* [About this exercise] The needed output is the run of lines below from the one containing "Die Durchschnittstemperatur für" through the one containing "You can take", copied exactly and free of pictures.

- Opening Delimiter -

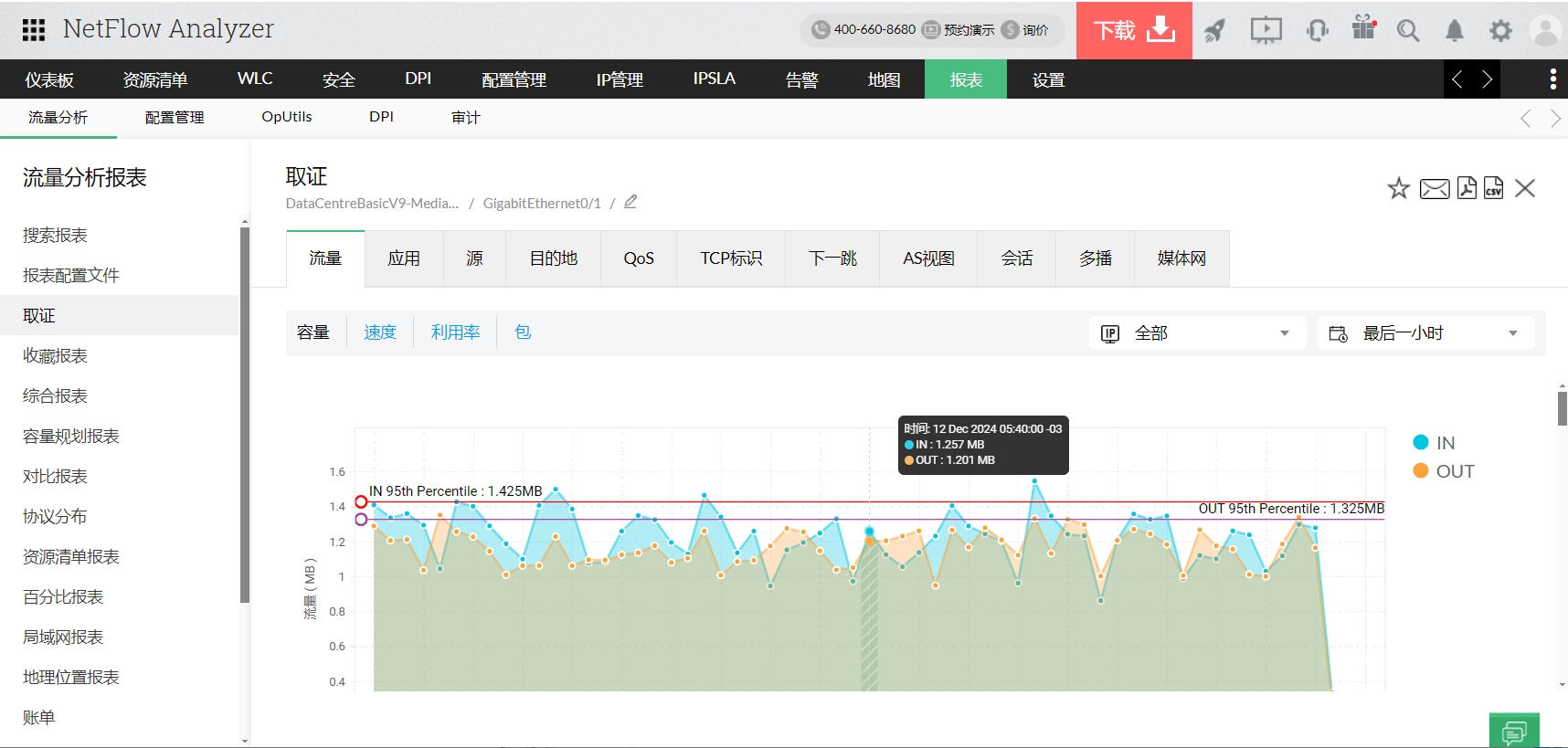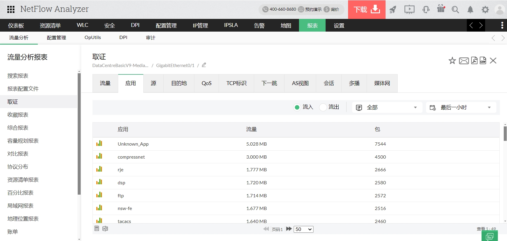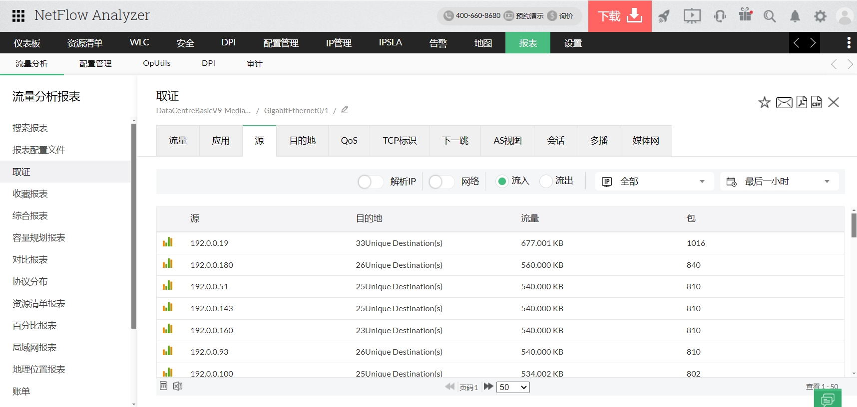 在报表中您可查看为您使用表格或图形视图选定的特定时期的流量、应用程序、来源、目的地、会话等(参见上面的图片)。通过它可深入了解过去的网络流量和带宽利用率。
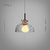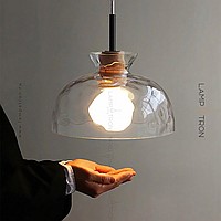 Серия подвесных светильников с рельефными плафонами разной формы из выдувного стекла с деревянным цоколем
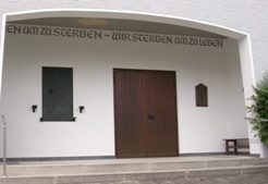 An der Außenseite der Friedhofskapelle zwei Tafeln zum Gedenken der 28 und 82 Kriegstoten beider Weltkriege.
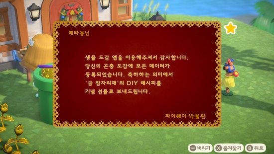 [모동숲_일지] 모동숲 금잠자리채 레시피 획득!!
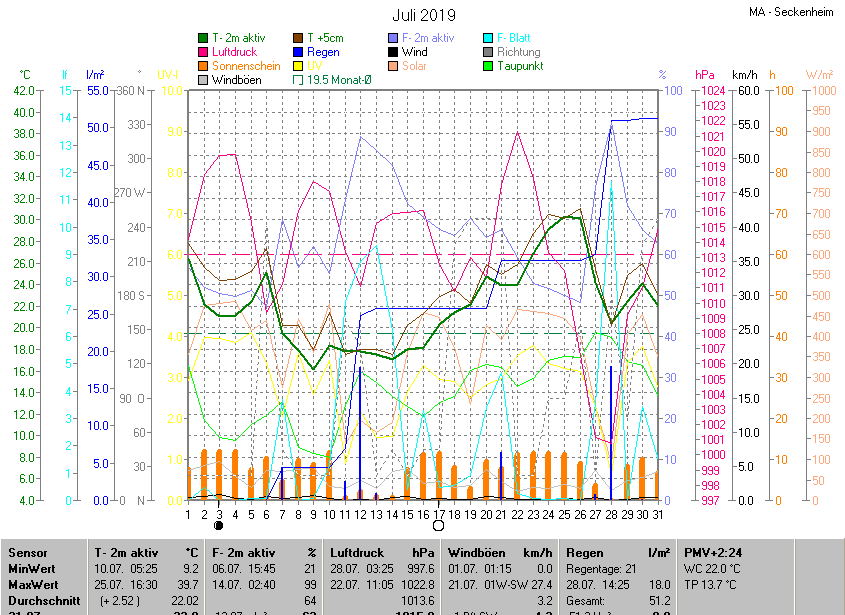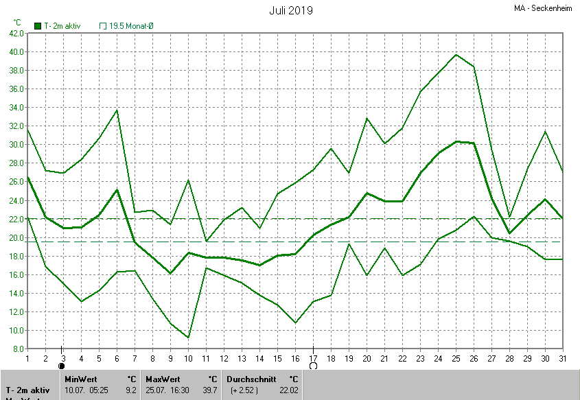 Die Durchschnittstemperatur für den Monat Juli 2019 lag bei 22.02°C. Die Abweichung vom langjährigen Mittel war +2.52°C.
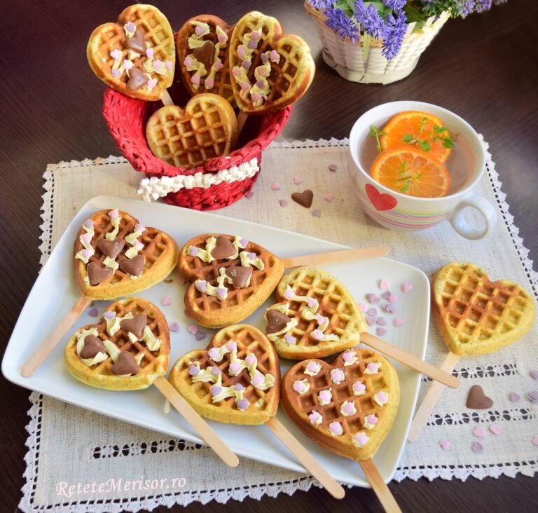 - Încălzește aparatul de waffles (sau un dispozitiv pentru mini‑waffle/pops). Unge ușor plăcile cu puțin unt/ulei.
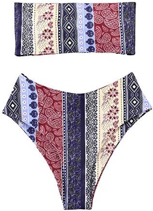 OMKAGI Women Bandeau Bikini Swimsuits Cheeky Off Shoulder Bathing Suit
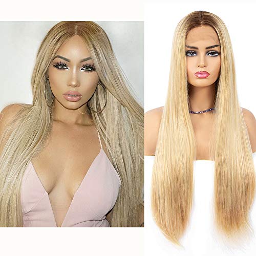 Parrucche Jisheng Ombre Bionde Pizzo Anteriore, Radici Marrone Chiaro Parrucche lunghe diritte Parrucca sintetica Ricambio capelli sintetici Ombre 2 Tone per Donna
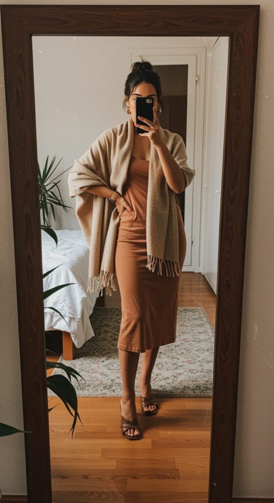 You can take a long scarf, drape it over your shoulders, and belt it at the waist to instantly create a flattering silhouette.
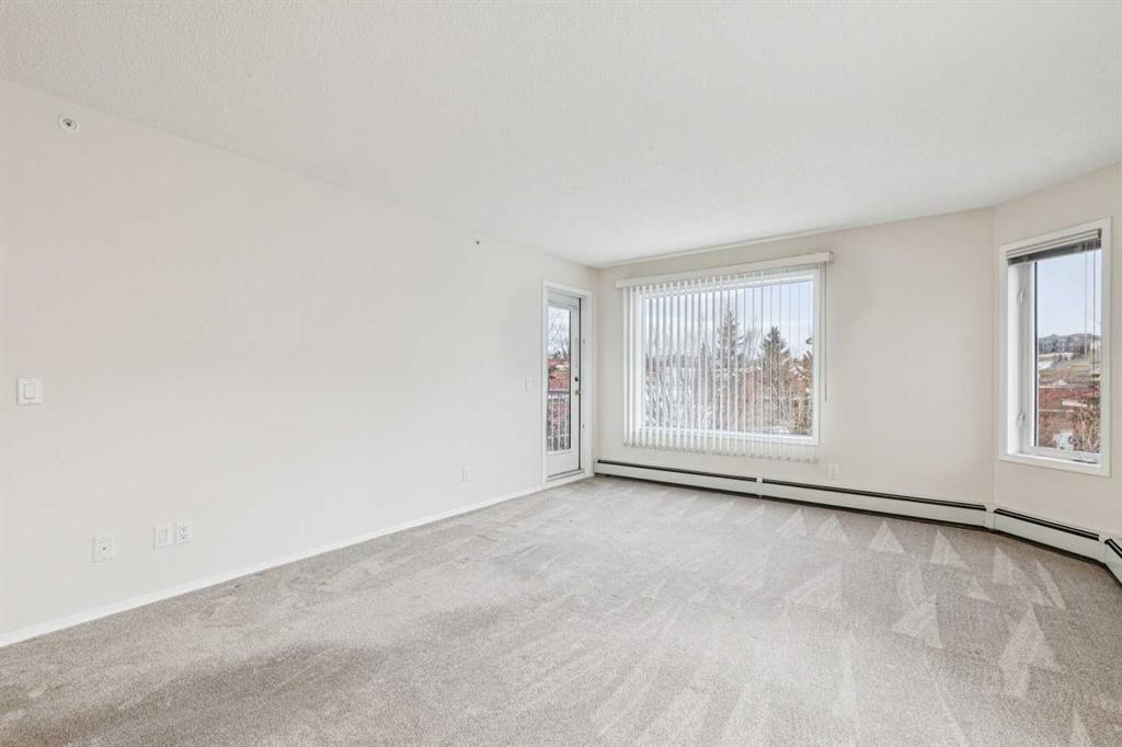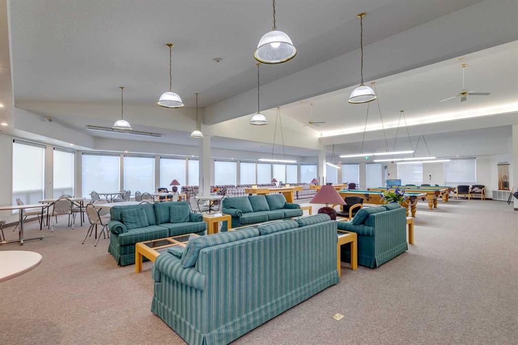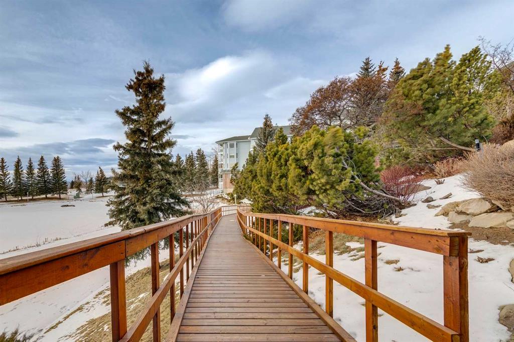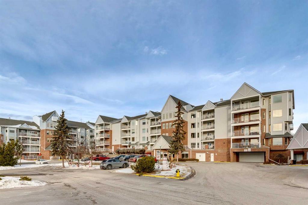 Welcome to 2309 Hawksbrow Point NW, located in Dreamview Village, a highly sought-after 55+ community in the desirable NW Calgary neighbourhood of Hawkwood. This well-managed complex is known for its beautifully landscaped grounds featuring a private park, pond, fountain, and well-lit walking paths, creating a peaceful and welcoming environment. This bright corner unit offers an abundance of natural light and a comfortable, functional layout. The open living and dining area is warm and inviting, ideal for everyday living or entertaining. The kitchen features oak cabinetry, generous counter space, and room for a small dining table. The spacious primary bedroom is a standout, offering exceptional storage with a large walk-in closet plus his-and-hers closets. A second well-sized bedroom with a large window provides flexibility for guests, hobbies, or a home office. In-suite laundry and additional storage add everyday convenience. Residents enjoy access to an impressive clubhouse with mountain views, library, party room with full kitchen, pool table, shuffleboard, craft rooms, and frequent social activities. The building also offers titled underground parking, a storage locker, guest suites, car wash, workshop, elevators, and ample visitor parking. A fantastic opportunity for comfortable, low-maintenance living in one of NW Calgary’s most desirable adult communities.
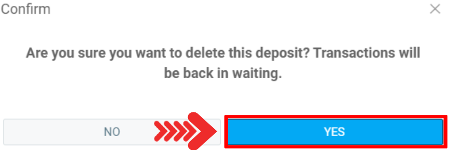 In the dialog box with the following message "Are you sure you want to delete this deposit? Transactions will be back in waiting", click Yes.
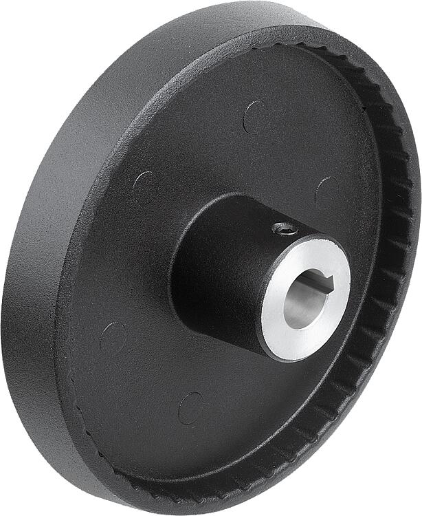 铝制圆盘手轮,无手柄,B 型,带装配孔、键槽和十字孔
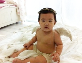 부모가 올린 사진 속 아라는 귀여운 하얀색 날개를 등에 매고 머리엔 작은 꽃 매듭을 달고 있는 등 아기천사의 모습이다.
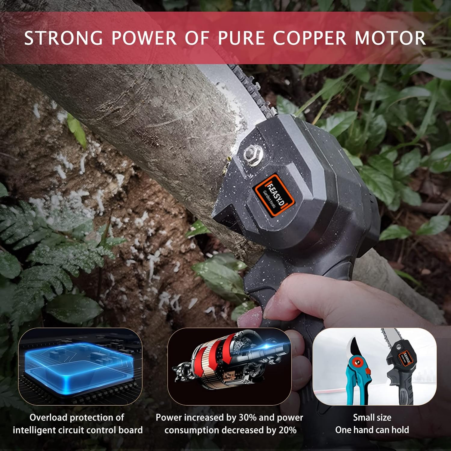 Notre mini tronçonneuse est équipée d’un moteur en cuivre pur, offrant une puissance élevée et une efficacité supérieure par rapport aux moteurs traditionnels. Ce moteur réduit l’usure, prolonge la durée de vie de l’appareil et empêche la surchauffe, vous garantissant une performance durable à chaque utilisation.
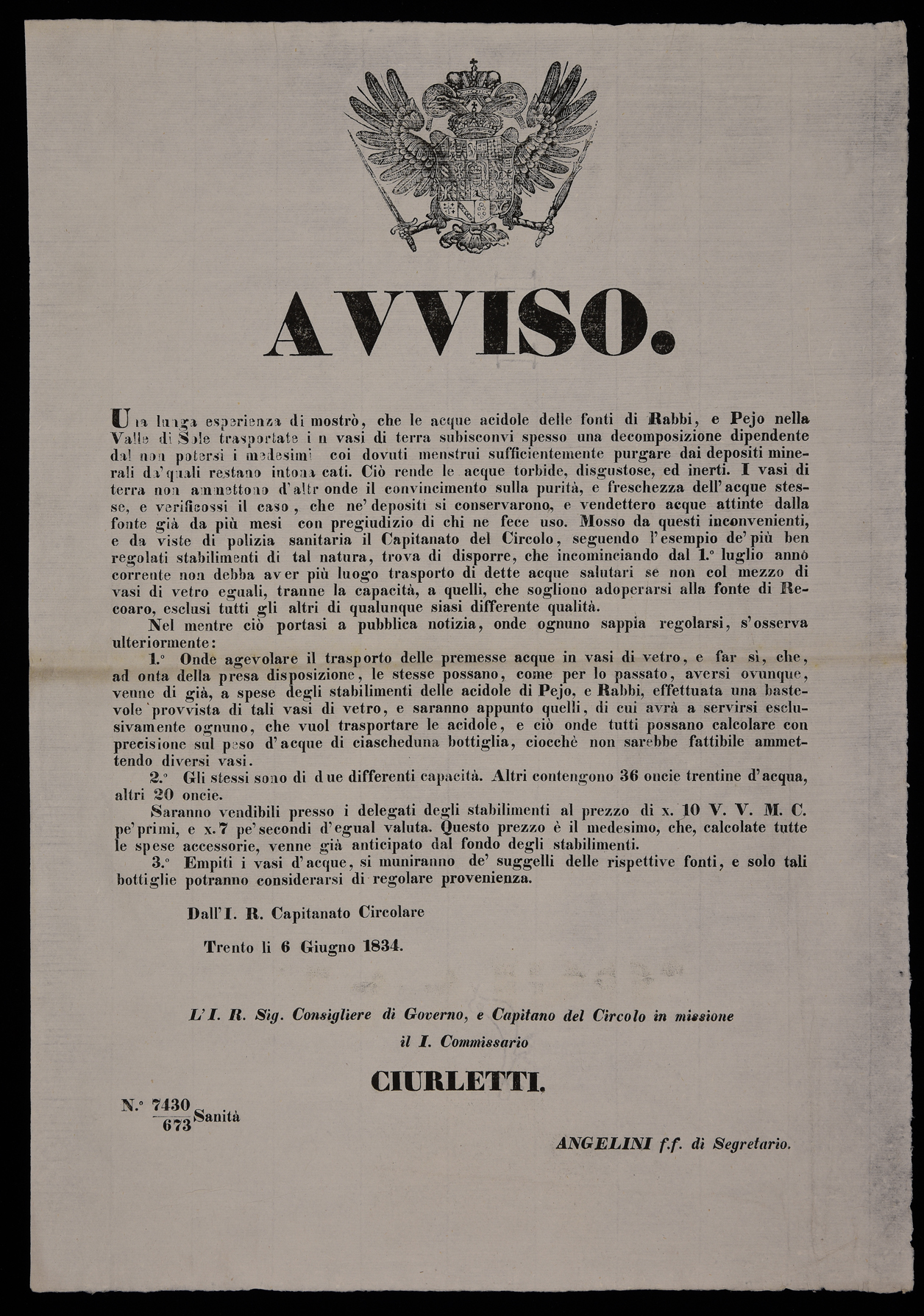 Una lunga esperienza dimostrò, che le acque acidole delle fonti di Rabbi, e Pejo nella Valle di Sole trasportate in vasi di terra subisconvi spesso una decomposizione ...
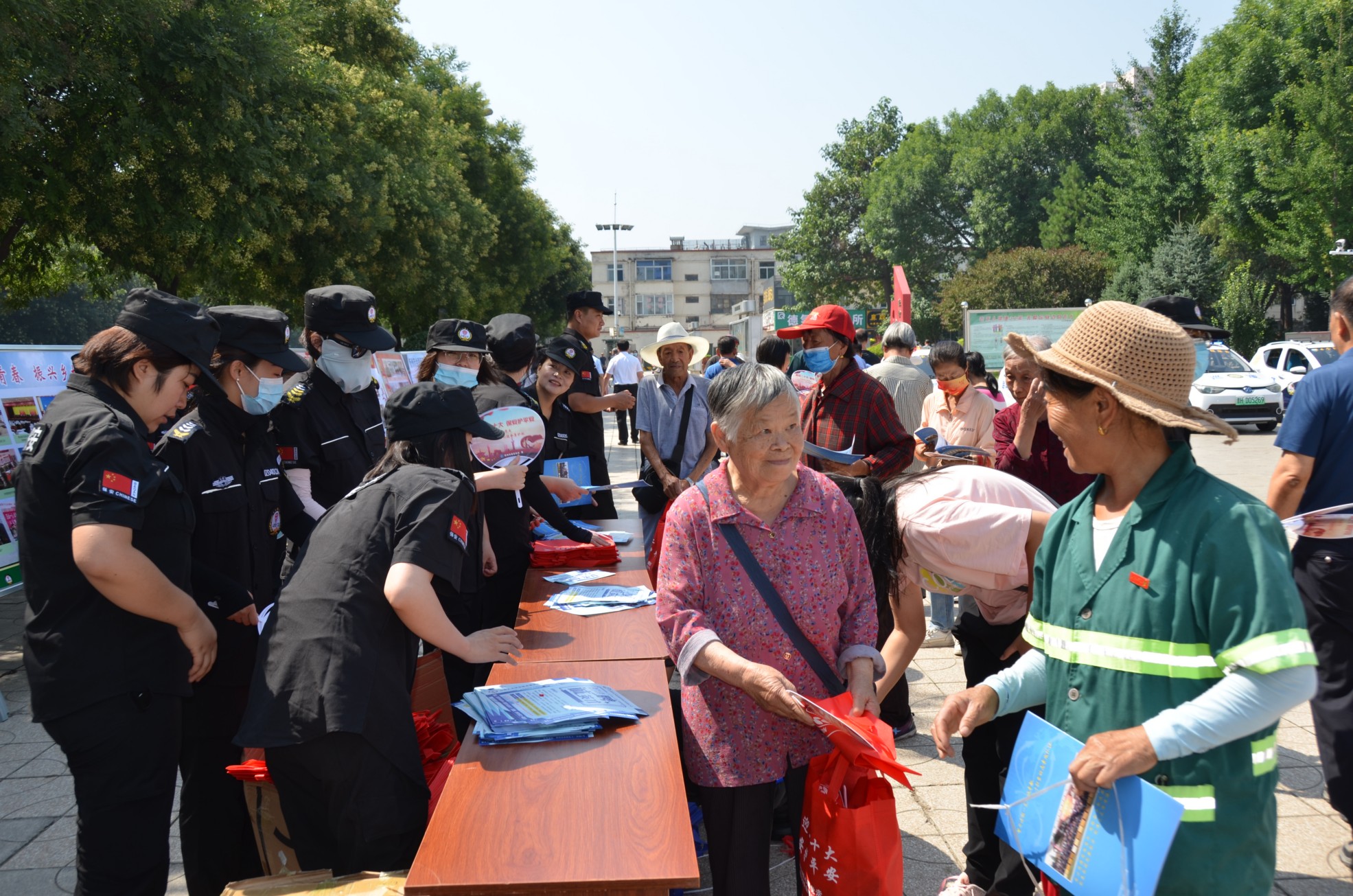 主題宣傳活動后,領(lǐng)導(dǎo)們認真觀看了宣傳展板。公司員工及時向過往行人發(fā)放宣傳彩頁及扇子、圍裙等禮品。
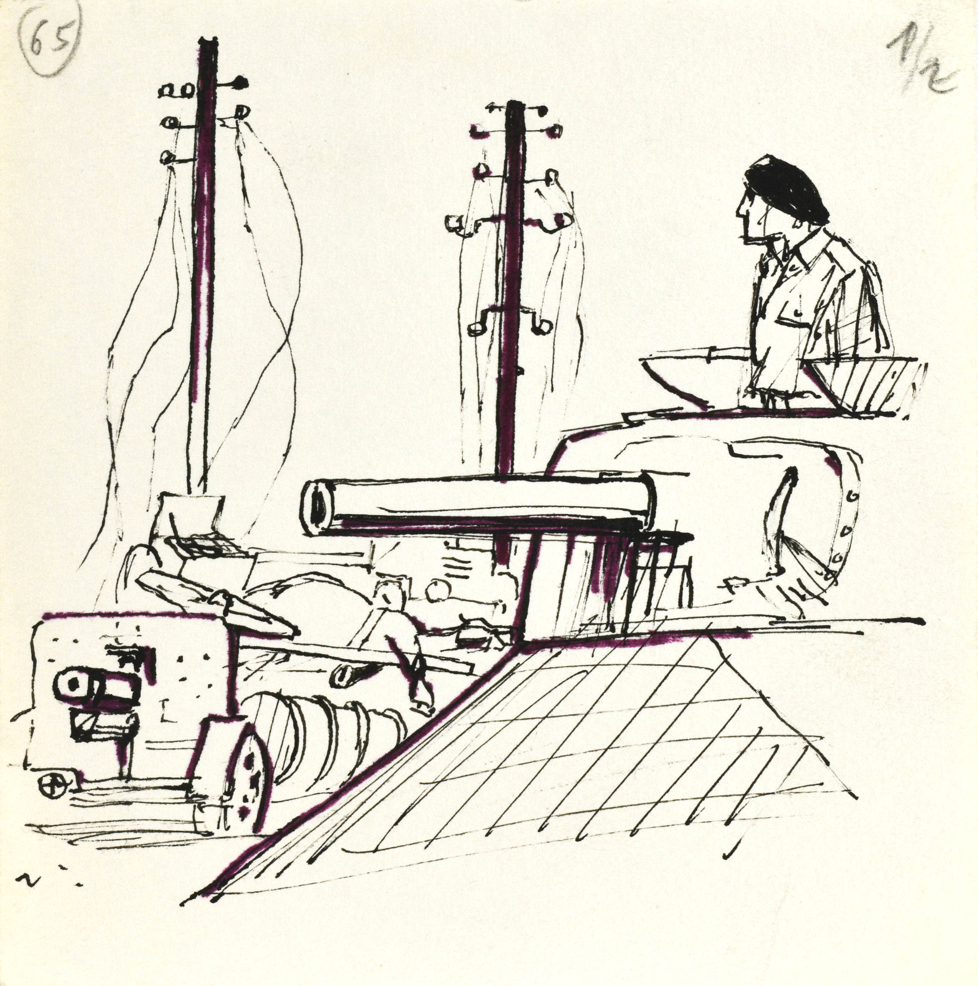 piórko, tusz, flamaster, papier; 14 x 13,7 cm.

- Closing Delimiter -

* [Response area]
 Die Durchschnittstemperatur für den Monat Juli 2019 lag bei 22.02°C. Die Abweichung vom langjährigen Mittel war +2.52°C.
 - Încălzește aparatul de waffles (sau un dispozitiv pentru mini‑waffle/pops). Unge ușor plăcile cu puțin unt/ulei.
 OMKAGI Women Bandeau Bikini Swimsuits Cheeky Off Shoulder Bathing Suit
 Parrucche Jisheng Ombre Bionde Pizzo Anteriore, Radici Marrone Chiaro Parrucche lunghe diritte Parrucca sintetica Ricambio capelli sintetici Ombre 2 Tone per Donna
 You can take a long scarf, drape it over your shoulders, and belt it at the waist to instantly create a flattering silhouette.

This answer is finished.